**Items from a dataset:**
[Start of section]
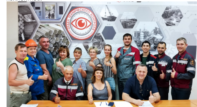
Профактив крупносортного цеха.

Надо отметить, что профактиву подразделений есть чем гордиться, особенно когда есть серьезная поддержка всего коллектива.
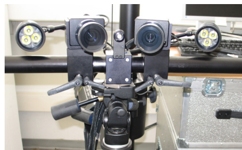
Bild 2: Kamerasystem zur optischen Deformationsmessung (gom ARAMIS/PONTOS 2M).

Nutzen Sie diese berührungslose Messmethode, um einen vertieften Einblick in die Strukturmechanik Ihres Bauteils zu erhalten oder Simulationsmodelle zu validieren.
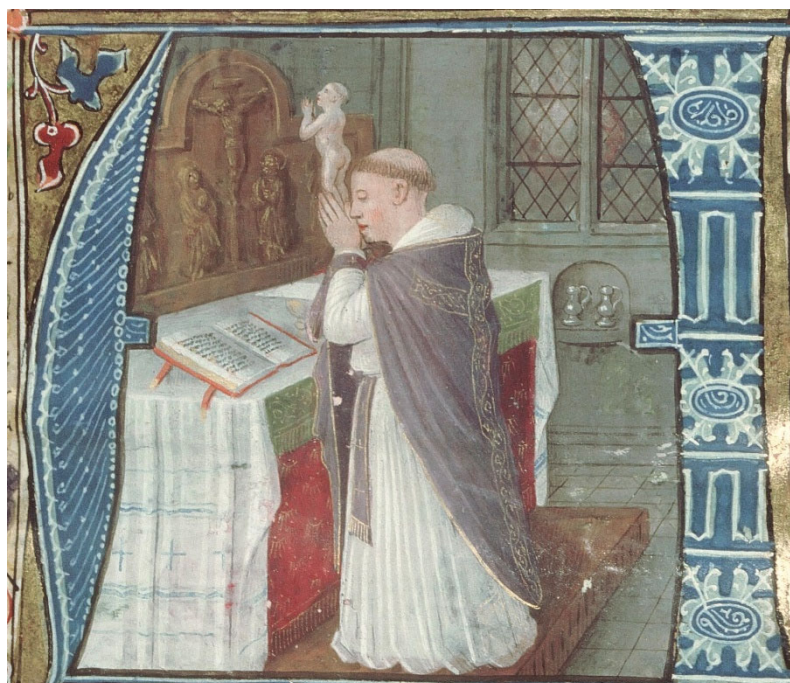
Figura 4. Misal utilizado en Tours, s. XV, Biblioteca Municipal de Tours, ms. 190, f. 7r.

La imagen es siempre la misma: un clérigo celebra la Eucaristía ante el altar y de sus manos juntas se proyecta una figura de su alma representada como un homúnculo, es decir, la figura de un niño pequeño desnudo, símbolo de pureza. El homúnculo se levanta y busca a Dios con la mirada cuando este está presente en la imagen. Por eso, el alma representada muestra una expresión piadosa similar a la del clérigo, que dirige al Señor una oración de confianza. Uno de los motivos más bellos de este tema visual se encuentra en un misal de Tours, conservado hoy en día en la biblioteca municipal. 3 El clérigo tonsurado, vestido con la casulla violeta del Adviento, junta las manos y cierra los ojos en señal de oración antes del comienzo de la misa. Su alma se eleva desde sus manos en actitud de exaltación, tal y como evoca el canto del introito. Delante del clérigo se encuentra el altar hacia el que se eleva su alma: una mesa probablemente de madera, decorada con dos capas de telas interiores, una roja y otra verde, sobre las que se superpone un mantel blanco. Sobre este mantel se pueden ver el corporal y parte de un cáliz. El retablo de madera, con su motivo central de la Crucifixión, es uno de los temas típicos que adornaban los altares en el siglo XV. Al fondo, la misma escena revela una hornacina en la pared, a modo de credencia, sobre la que descansan unas vinagreras.
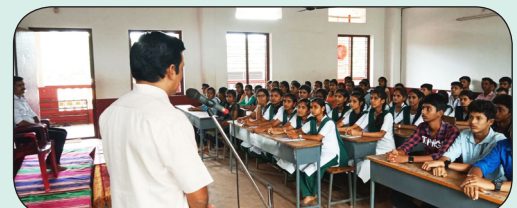
ಕಂಪೆನಿ ಸೆಕ್ರೆಟರಿ (CS) ತರಬೇತಿ 29.07.2023
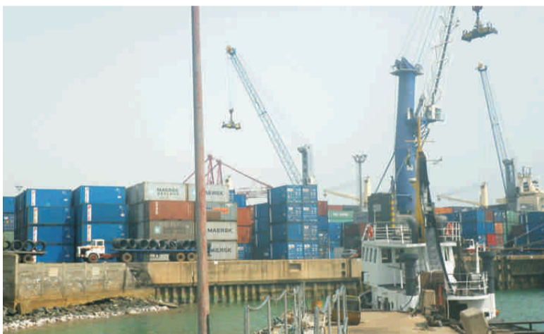
Une vue de quelques grues en activité

données et des documents par le réseau Internet de remplir rapidement toutes les formalités officielles liées à l'importation, à l'exportation et au transit.
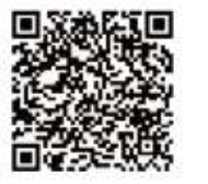
コザガールズ公式インスタ
[End of section]
**PROMPT:**
Exactly the lines from the one containing "ಕಂಪೆನಿ ಸೆಕ್ರೆಟರಿ (CS) ತರಬೇತಿ 29.07.2023" to the final line of the entries are wanted; please write them out, both ends included, but not the pictures.

**REPLY:**
ಕಂಪೆನಿ ಸೆಕ್ರೆಟರಿ (CS) ತರಬೇತಿ 29.07.2023
Une vue de quelques grues en activité

données et des documents par le réseau Internet de remplir rapidement toutes les formalités officielles liées à l'importation, à l'exportation et au transit.
コザガールズ公式インスタ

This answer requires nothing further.